From: Mathieu Desnoyers <mathieu.desnoyers@efficios.com>
To: Sean Christopherson <seanjc@google.com>
Cc: "Russell King, ARM Linux" <linux@armlinux.org.uk>,
Catalin Marinas <catalin.marinas@arm.com>,
Will Deacon <will@kernel.org>, Guo Ren <guoren@kernel.org>,
Thomas Bogendoerfer <tsbogend@alpha.franken.de>,
Michael Ellerman <mpe@ellerman.id.au>,
Heiko Carstens <hca@linux.ibm.com>, gor <gor@linux.ibm.com>,
Christian Borntraeger <borntraeger@de.ibm.com>,
Oleg Nesterov <oleg@redhat.com>, rostedt <rostedt@goodmis.org>,
Ingo Molnar <mingo@redhat.com>,
Thomas Gleixner <tglx@linutronix.de>,
Peter Zijlstra <peterz@infradead.org>,
Andy Lutomirski <luto@kernel.org>, paulmck <paulmck@kernel.org>,
Boqun Feng <boqun.feng@gmail.com>,
Paolo Bonzini <pbonzini@redhat.com>, shuah <shuah@kernel.org>,
Benjamin Herrenschmidt <benh@kernel.crashing.org>,
Paul Mackerras <paulus@samba.org>,
linux-arm-kernel <linux-arm-kernel@lists.infradead.org>,
linux-kernel <linux-kernel@vger.kernel.org>,
linux-csky <linux-csky@vger.kernel.org>,
linux-mips <linux-mips@vger.kernel.org>,
linuxppc-dev <linuxppc-dev@lists.ozlabs.org>,
linux-s390 <linux-s390@vger.kernel.org>,
KVM list <kvm@vger.kernel.org>,
linux-kselftest <linux-kselftest@vger.kernel.org>,
Peter Foley <pefoley@google.com>,
Shakeel Butt <shakeelb@google.com>,
Ben Gardon <bgardon@google.com>
Subject: Re: [PATCH 1/5] KVM: rseq: Update rseq when processing NOTIFY_RESUME on xfer to KVM guest
Date: Fri, 20 Aug 2021 14:51:03 -0400 (EDT) [thread overview]
Message-ID: <1872633041.20290.1629485463253.JavaMail.zimbra@efficios.com> (raw)
In-Reply-To: <YR7tzZ98XC6OV2vu@google.com>
----- On Aug 19, 2021, at 7:48 PM, Sean Christopherson seanjc@google.com wrote:
> On Thu, Aug 19, 2021, Mathieu Desnoyers wrote:
>> ----- On Aug 17, 2021, at 8:12 PM, Sean Christopherson seanjc@google.com wrote:
>> > @@ -250,7 +250,7 @@ static int rseq_ip_fixup(struct pt_regs *regs)
>> > * If not nested over a rseq critical section, restart is useless.

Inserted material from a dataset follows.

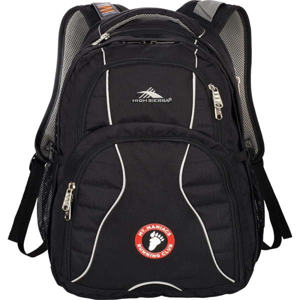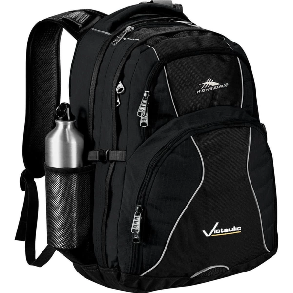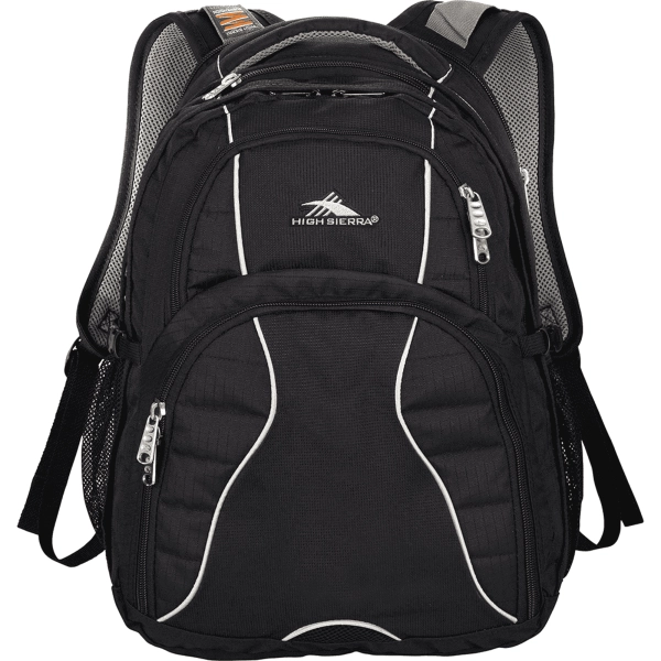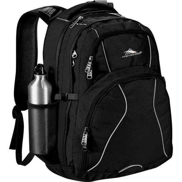 Padded interior computer sleeve holds a 17 inch laptop with easy back-access zipper. Organiser compartment with multiple pockets, zippered mesh pocket and a key fob.

>> > * Clear the rseq_cs pointer and return.
>> > */
>> > - if (!in_rseq_cs(ip, &rseq_cs))
>> > + if (!regs || !in_rseq_cs(ip, &rseq_cs))
>>
>> I think clearing the thread's rseq_cs unconditionally here when regs is NULL
>> is not the behavior we want when this is called from xfer_to_guest_mode_work.
>>
>> If we have a scenario where userspace ends up calling this ioctl(KVM_RUN)
>> from within a rseq c.s., we really want a CONFIG_DEBUG_RSEQ=y kernel to
>> kill this application in the rseq_syscall handler when exiting back to usermode
>> when the ioctl eventually returns.
>>
>> However, clearing the thread's rseq_cs will prevent this from happening.
>>
>> So I would favor an approach where we simply do:
>>
>> if (!regs)
>> return 0;
>>
>> Immediately at the beginning of rseq_ip_fixup, before getting the instruction
>> pointer, so effectively skip all side-effects of the ip fixup code. Indeed, it
>> is not relevant to do any fixup here, because it is nested in a ioctl system
>> call.
>>
>> Effectively, this would preserve the SIGSEGV behavior when this ioctl is
>> erroneously called by user-space from a rseq critical section.
>
> Ha, that's effectively what I implemented first, but I changed it because of the
> comment in clear_rseq_cs() that says:
>
> The rseq_cs field is set to NULL on preemption or signal delivery ... as well
> as well as on top of code outside of the rseq assembly block.
>
> Which makes it sound like something might rely on clearing rseq_cs?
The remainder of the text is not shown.